Advisors that adhere to this philosophy often recommend some version of the “four percent rule,” which (based on several respected studies that are generally accepted as reliable in the finance community) means your portfolio can reasonably be expected to last at least 30 years if you invest in a stock/bond portfolio that has at least 60 percent stocks, and spend no more than four percent of your portfolio’s value every year to fund your living expenses (note that there are other studies suggesting that a safe withdrawal rate for this kind of portfolio is anywhere from 3.0 to 3.5 percent).  Regardless of the exact percentage (called the “safe withdrawal rate” or SWR), folks with this investing philosophy believe (perhaps rightly so), that most people will never pile up enough money to survive on “only” a 2.2 or 2.4 percent dividend or bond yield, and that trying to increase this yield in a passive income portfolio can cause you to unnecessarily increase the risk in your portfolio (by, for example, buying a stock that pays a high dividend but does not have good underlying fundamentals, or by investing in junk bonds to increase the yield).

Another benefit to the “four percent rule” approach is that it lends itself to easy calculations.  Due to the magic of arithmetic, the “four percent rule” will apply if you save up 25 times your annual spending needs.  Using round numbers, if you need $100,000 per year, then you need $2.5 million in total investment assets.  Four percent of $2.5 million is….you guessed it…$100,000 per year!  Isn’t math fun?

I take these kinds of philosophical disagreements with a grain of salt.  At present this is truly an academic question for me, because my “pile” is too small to survive on, even if I were to withdraw 4 percent.  The risk factor that could apply to a “yield only” approach is not really applicable to me personally, because (aside from a small stake of roughly 8 percent of my net worth in hard money real estate loans), I don’t really invest strictly for higher yield.  The bulk of my investments are in “total market” index funds, blue-chip companies, and (more recently) well-located real estate (which should yield over 6 percent over the long term).  Plus I want to leave a legacy for my children, and thus I don’t want to spend down my entire portfolio.  And I am hopeful that as interest rates increase, the return on my bond funds and bank savings will increase.  Finally (at last for me), studies have shown that solid dividend-paying stocks have less risk and higher returns over the long term.

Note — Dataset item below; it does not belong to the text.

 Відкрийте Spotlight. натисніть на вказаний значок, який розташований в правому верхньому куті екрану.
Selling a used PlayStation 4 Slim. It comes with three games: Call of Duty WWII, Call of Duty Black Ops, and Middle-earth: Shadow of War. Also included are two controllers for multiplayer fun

The best answer for you depends somewhat on where you are on the investment timeline.  If you are a younger investor, with more time for compound interest to work its magic, you are in the accumulation phase of your investing career, and you don’t have to choose a distribution approach.  Simply invest consistently and wisely (hint – low cost index funds), reinvest all dividends and interest and other income from the investments, and watch your grubstake grow.  If you are an older feller (or gal), you need to start thinking about which approach will work for you as you approach the distribution phase of your investing career.  And then this decision will turn on some of the factors I mentioned above that are important to me (leaving a legacy, diversifying into real estate, etc.), as well as what is happening with the Schiller PE Ratio, whether bond yields/interest rates are increasing or decreasing, etc.

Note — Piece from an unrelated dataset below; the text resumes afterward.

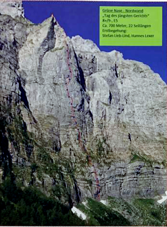«Quanto più alta è la posta in gioco, tanto più soddisfacente è il risultato». Questa «saggezza in realtà banale», che molti conoscono dall’alpinismo, è la conclusione dei due primi scalatori di questa nuova via Tag des jüngsten Gerichts» (Il Giorno del Giudizio, 700 m, VIII+/IX-, E5) sul Grünen Nase della parete nord del Kollin Kofel (Cima di Collinetta) 2238 m, sopra il Passo di Monte Croce Carnico (Plöckenpass).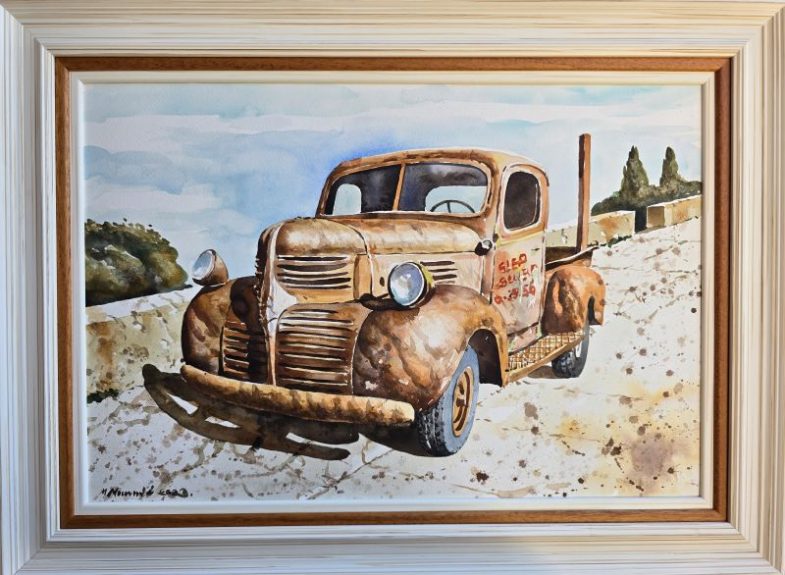 Stari kamion II, Momo Macanović, akvarel kaširan na lepenci, sa ramom 51×69 cm, bez 38×56 cm, sertifikat, 2023., 35400 dinara

Ultimately, I don’t think this dispute should matter much to you if you are in the accumulation phase of your investing career.  The more important thing is to spend less than you earn, and invest the difference.  When it is time to decide how much you can safely withdraw, you can always reallocate your holdings into different investments if you choose a dividend/passive income approach.  Hopefully your stash will be big enough that your safe withdrawal rate can be low and still fund a long, happy retirement.

There will be future posts on this topic.  I’m interested in your thoughts on this topic in the comments.  Happy investing!